B2B Articles - Aug 15, 2010 11:40:04 AM - By Ironpaper
Based on an article in the NY Times (Experts Warn of a Weak Link in the Security of Web Sites), security researchers are warning that even the most secure sites on the web, specifically websites for banking, e-commerce and others that use encryption may have vulnerabilities to attack.
Sites that use HTTPS resulting in a closed lock icon in the browser's address bar are certified by a third party organization that the site is authentic and the transmission of data to that site is encrypted. As more and more companies begin to issue HTTPS security products, the tool itself may become less trustworthy overall... for the HTTPS product itself can be a vehicle for eavesdroping or theft.

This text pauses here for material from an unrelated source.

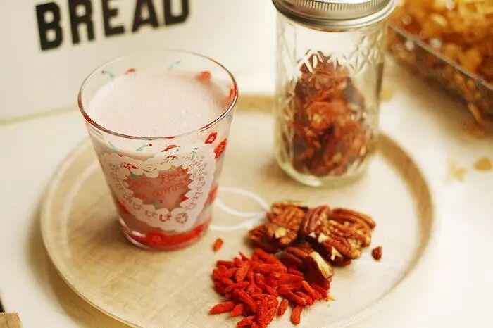 ❶ 枸杞要提前用水泡一下。水果洗干净。所有材料放入搅拌杯内。
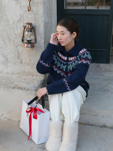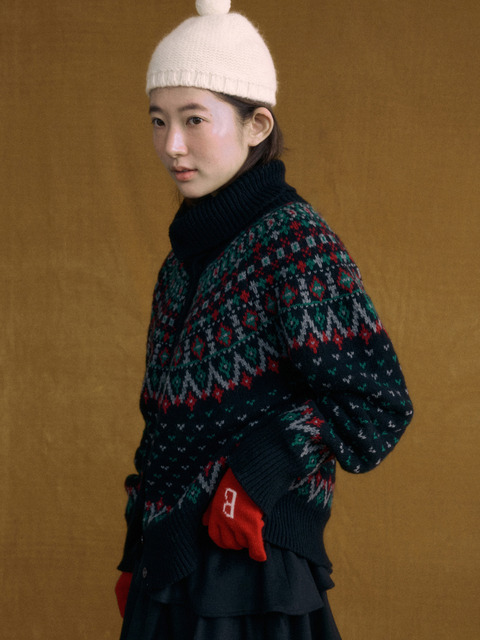 [티엔느] 홀리데이 페어아일 하이넥 가디건

The responsibility of acting as a certificate authority has been delegated from browser makers to other companies (Verizon to provide one example), who in turn has re-issued the authority to other companies--thus diluting the "authority" of the tool.
The Electronic Frontier Foundation has identified about 650 organizations that are currently issuing certificates that are accepted by the leading browsers (Internet Explorer and Firefox). "Some of these organizations are in countries like Russia and China, which are suspected of engaging in widespread surveillance of their citizens." (NY TIMES, August 13, 2010, By MIGUEL HELFT, https://www.nytimes.com/2010/08/14/technology/14encrypt.html).
Etisalat, a wireless carrier in the UAE, was discovered to have installed spyware in 100,000 subscribers' headsets last year. Etisalat could the issuance of web certificates to spy on individuals and companies all around the world--including inside virtual private networks used as safehavens by corporations everywhere.